PROVIDED MATERIAL START

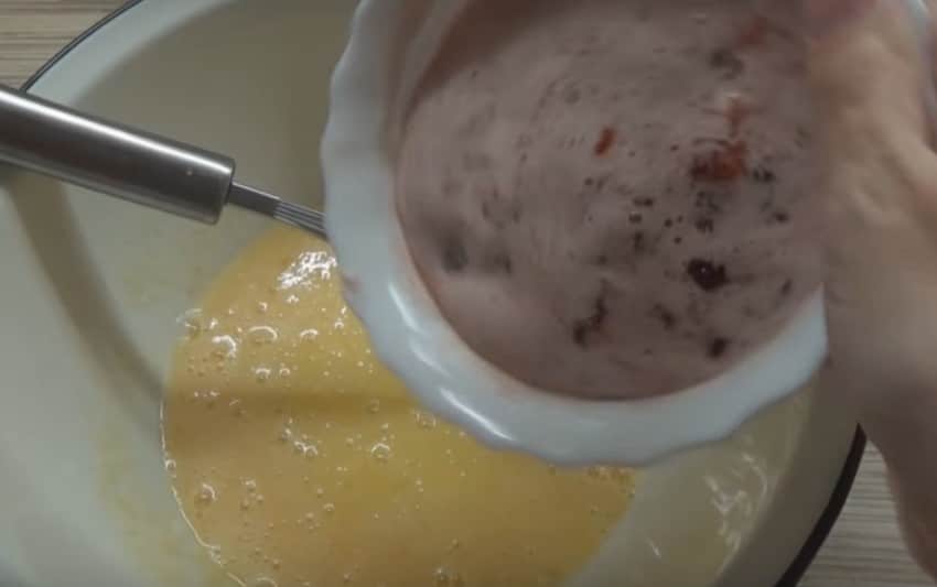 2. В другую миску разбейте яйца, добавьте к ним сахар и взбейте миксером до пышной пены. Затем отправьте к ним настоявшееся «содовое» варенье и тщательно перемешайте.
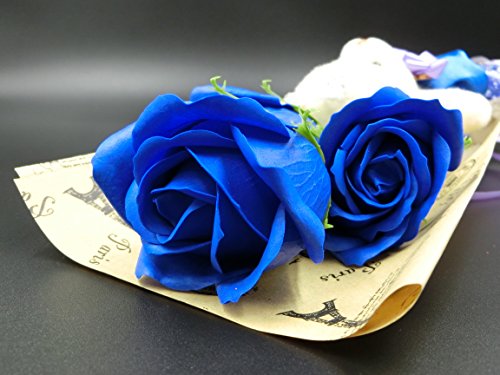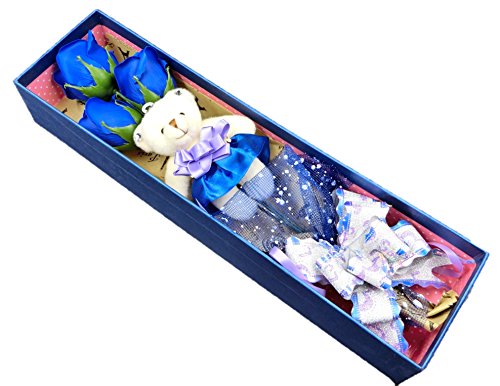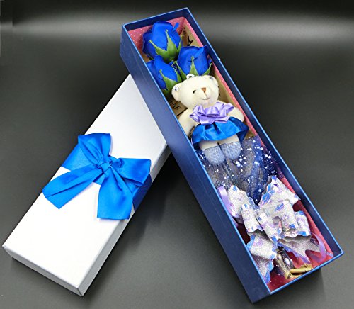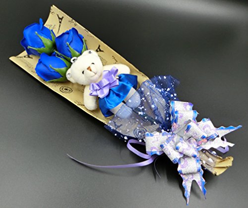 (Miwoluna) ブーケ 花束 ローズ くまのぬいぐるみ付き リボン付きのボックス ほのかな香り付き 各色 (05. ディープブルー)
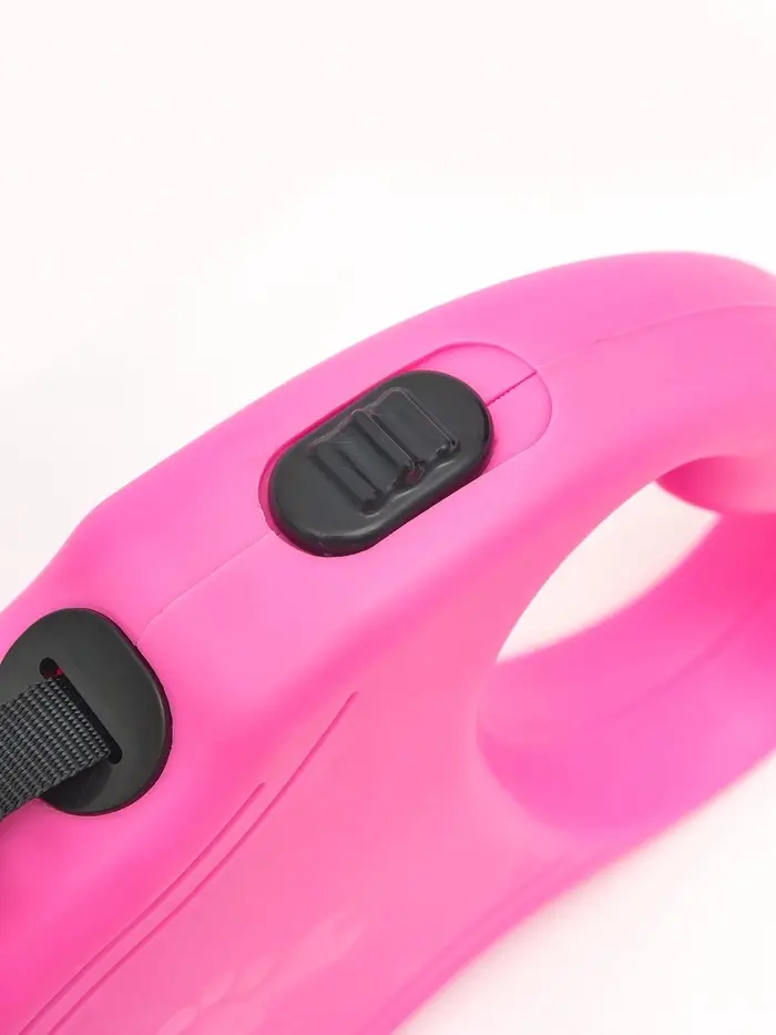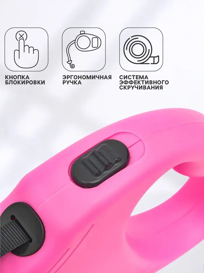- Светлый розовый корпус: Яркий цвет легко заметить в траве или на асфальте. Поводок не теряется визуально, что упрощает контроль за питомцем в оживлённых местах.
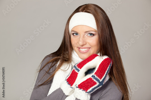 © paffy, Fototapeta premium Closeup of a girl in warm clothing, over grey background
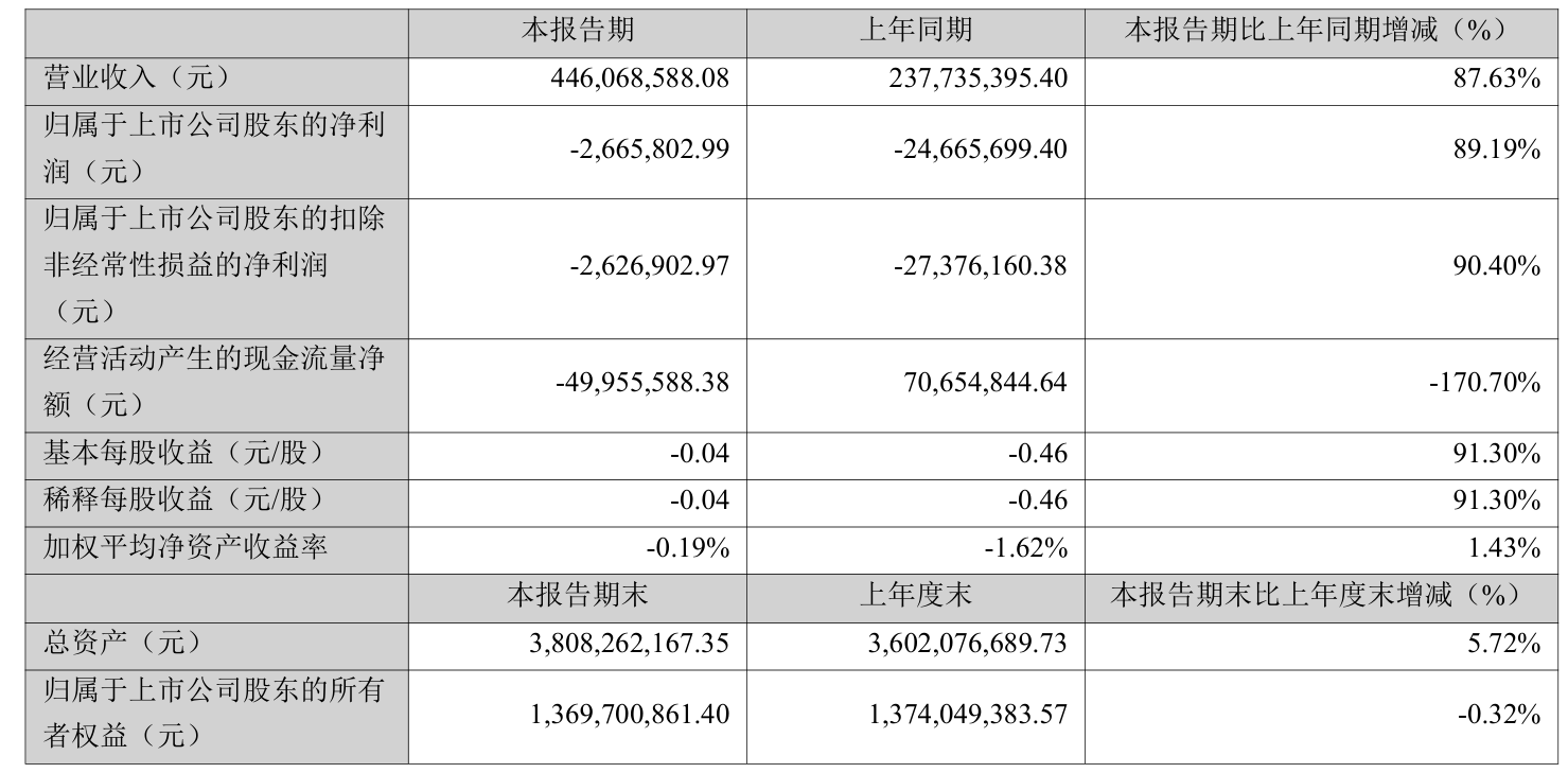 中证智能财讯飞沃科技(301232)4月25日披露2025年第一季度报告。公司实现营业总收入4.46亿元,同比增长87.63%;归母净利润亏损266.58万元,上年同期亏损2466.57万元;扣非净利润亏损262.69万元,上年同期亏损2737.62万元;经营活动产生的现金流量净额为-4995.56万元,上年同期为7065.48万元;报告期内,飞沃科技基本每股收益为-0.04元,加权平均净资产收益率为-0.19%。
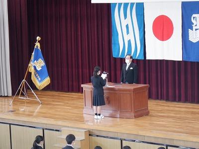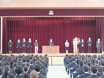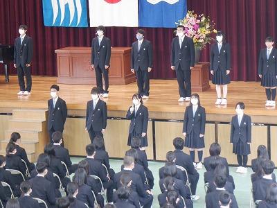 その後1学期の表彰伝達、生徒会執行部の認証式と近畿大会・全国大会に出場・出品する部活動の壮行会を行いました。
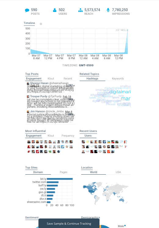 도구는 해시태그 추적에서 아주 괜찮은 도구입니다. 그렇지만, 유감스럽게도 무료 분석 또는 이 시스템에서 “스냅샷”이라고 불리는 것은 여러분의 해시태그를 사용하는 최근 100 개의 트윗에 대한 활동만 파악합니다.
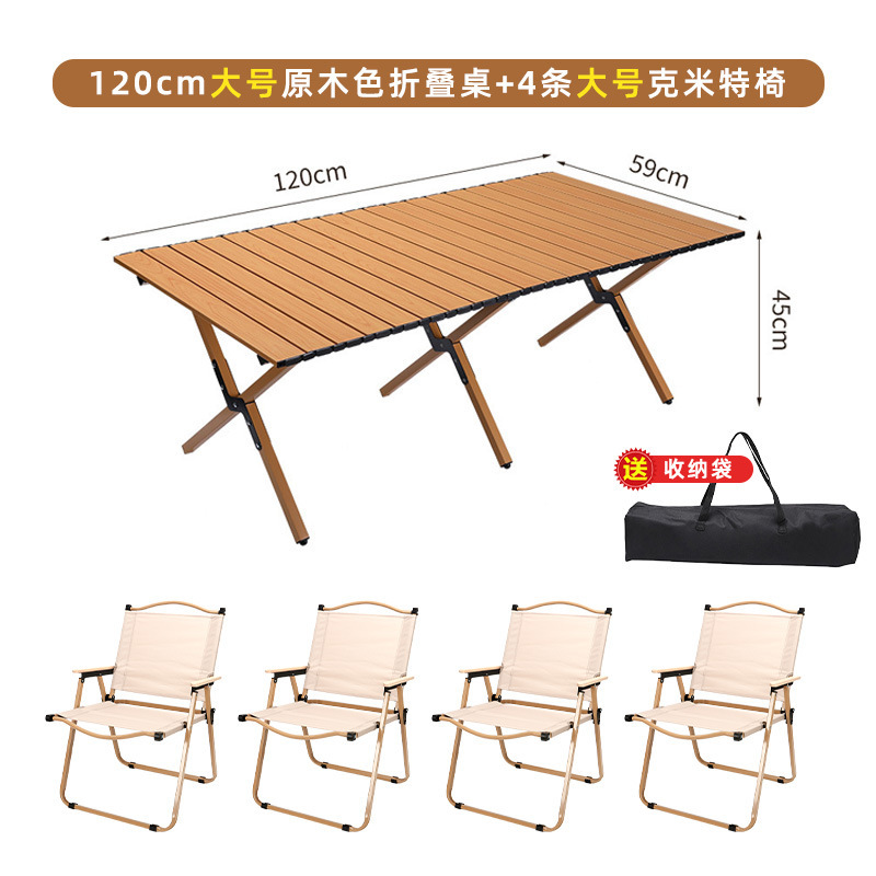 large wood color egg roll table +4 large size khaki kermit chairs
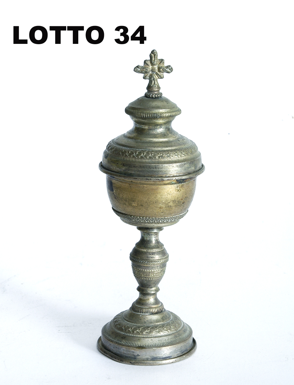 Lotto 34 | AMPOLLINA RELIGIOSA IN METALLO ARGENTATO ITALIA FINE DEL XIX° SEC.

PROVIDED MATERIAL END

◆ ASSIGNMENT
Copy exactly, and copy only, the lines from the one bearing "over grey background" through the closing line of the material, with both ends kept and pictures removed.

◆ RESULT OF THIS TASK
 © paffy, Fototapeta premium Closeup of a girl in warm clothing, over grey background
 中证智能财讯飞沃科技(301232)4月25日披露2025年第一季度报告。公司实现营业总收入4.46亿元,同比增长87.63%;归母净利润亏损266.58万元,上年同期亏损2466.57万元;扣非净利润亏损262.69万元,上年同期亏损2737.62万元;经营活动产生的现金流量净额为-4995.56万元,上年同期为7065.48万元;报告期内,飞沃科技基本每股收益为-0.04元,加权平均净资产收益率为-0.19%。
 その後1学期の表彰伝達、生徒会執行部の認証式と近畿大会・全国大会に出場・出品する部活動の壮行会を行いました。
 도구는 해시태그 추적에서 아주 괜찮은 도구입니다. 그렇지만, 유감스럽게도 무료 분석 또는 이 시스템에서 “스냅샷”이라고 불리는 것은 여러분의 해시태그를 사용하는 최근 100 개의 트윗에 대한 활동만 파악합니다.
 large wood color egg roll table +4 large size khaki kermit chairs
 Lotto 34 | AMPOLLINA RELIGIOSA IN METALLO ARGENTATO ITALIA FINE DEL XIX° SEC.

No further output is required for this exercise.